Regular readers will have noticed my return to the problematic topic that is the Mendocino Coast Health Care District (MCHCD) in this new year of 2022. Prior to that I hadn't put finger to keyboard on the subject since September 2020. Not only did I stop writing about MCHCD in September 2020, beginning with November of that year I ceased zooming or calling into any meetings associated with MCHCD until August 2021. The reasons are personal and involve more people than myself. 

On August 9th last year, a few minutes before four in the afternoon, I received a phone call from a member of the MCHCD Board.

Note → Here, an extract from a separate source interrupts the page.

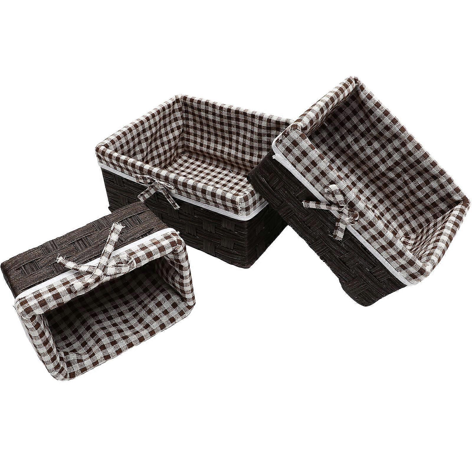 The woven handicraft basket with liner can add elegance and warmth feel to your home. This woven basket help you keep important item and clutter tidy and in one place where you could get it quickly. The basket is a multi-use storage container, utility and suitable for anywhere in the house. Features -Color:Multi -Material:Linen, iron, PP imitation rattan -Size:26.00X20.00X12.00cm/10.22X7.86X4.72in(Large) -Size:22.00X16.00X11.00cm/8.65X6.29X4.32in(Medium) -Size:18.00X12.00X10.00cm/7.07X4.72X3.93in(Small) - Selected material, which is not easy to deform or break, the woven basket can be used for a long time. - The reasonable structure can easily store all kinds of small objects, making your desktop more tidy. - Practical storage basket or as a decoration, suitable for your bedroom, bathroom, living room, closet, shelf or anywhere! - Designed with liners, these woven basket can provide additional protection, and will not scratch your things. - Simple and generous look design makes this basket match very well with many home decorative styles. Package list: 1 x large woven storage basket 1 x medium woven storage basket 1 x small woven storage basket

That director was concerned that the public was being left out of meetings. The board member worried no one from the public had realistically been notified of that evening's meeting and the serious issues on the agenda.

Just before 5 p.m., I successfully maneuvered my desktop here at the ranch through the zoom link the phone caller had provided and there I was with five MCHCD board members. No one else from the public showed. Roll was taken then MCHCD Board chair Jessica Grinberg called for public comment. I spoke to what I had found out, or rather what I could not find out, in the intervening hour. Nowhere on the internet could one find a reference to the meeting. The district's old website (mcdh.org) had seemingly been dormant for a month, the district's Facebook page hadn't been employed since the second week in January. A newer website (mchcd.org) displayed agendas from the first couple of months of 2021, but nothing more recently. I explained this to the board and that physically posting the meeting agenda just inside the hospital's entry door did not pass muster during Covid times when all but patients themselves were being asked to stay away from the hospital. At one point board chair Grinberg inquired of another member, “John, did you post the agenda?” (meaning on a website).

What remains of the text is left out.